With availability at historically low levels, tenants are considering making lower-quality space fit their existing requirements.
Increase in spec industrial developments
The imbalance between supply and demand is also fueling speculative industrial developments.
“The pipeline for spec construction will continue to increase in the next three years,” said Garrigan. “A lack of available and readily developable industrial land will hold back the speculative construction market, but the pipeline remains steady.”
Beedie, one of the largest industrial managers and developers in Canada with multiple properties in British Columbia and Alberta, is expanding into the GTA with four developments: Legacy Business Centre, a condominium industrial project in Mississauga scheduled for completion in the fall of 2020; two projects in Scarborough; and a fourth location yet to be announced.
“Beedie’s expansion into the GTA could spearhead what the small- to mid-bay market will look like several years from now,” said Garrigan.
“As land supply continues to decrease, industrial condos may become the norm for companies who don’t necessarily need large-bay space. The Legacy Business Centre itself will feature condos ranging from 11,000 to 17,000 square feet of space.”
Industrial sale prices and rents
The average sale price for industrial space in the quarter was $167 per square foot, up 2.1 per cent year-over-year.

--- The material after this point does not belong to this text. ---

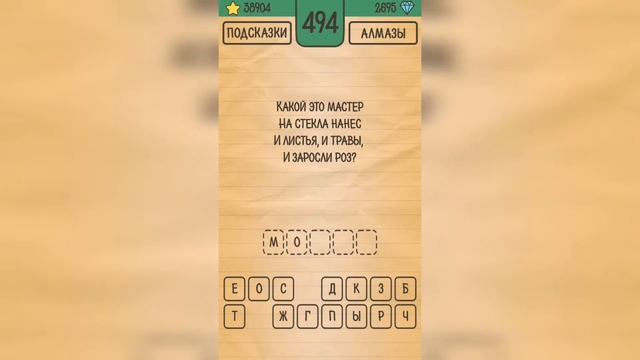 Как пройти Загадки Ребусы Шарады, ответы, решение раздел Загадка Уровень 494 Какой это мастер на стекла нанес и листья, и травы, и заросли роз? Привет, ребята! Пожалуйста, поддержите канал лайком ? и подпиской ? Напишите, какие игры вам ещё интересны. И я постараюсь пройти их для вас ?

“Sale prices tend to not increase as quickly as lease rates,” said Garrigan. “As cap rates continue to compress, profit margins are lessening. As a result, companies aren’t quite demanding sales the same way they are leases.”
The average asking net rent for GTA industrial space during the quarter was $8.66 per square foot, up 30 per cent year-over-year.
“Industrial rents should continue to increase throughout the second half of 2019,” said Garrigan. “This will be driven by supply and demand.
“As tenants have fewer options to occupy space, and demand will continue to outpace supply, rents will trend upwards. We are already starting to hear about availabilities and new transactions trading over nine dollars per square foot.”
Notable GTA industrial lease transactions
The most notable lease transactions during the quarter were:
* Polar Pak, with a head lease for 399,548 square feet at 2 Bramkay St. in Brampton;
* Skjodt-Barrett, with a renewal for 202,810 square feet at 5 Precidio Court in Brampton;
* Royal Automotive Group, with an extension for 201,046 square feet at 6655 Northwest Rd. in Mississauga;
* and 3M, with a head lease for 180,000 square feet at Gateway Distribution Centre in Halton Hills.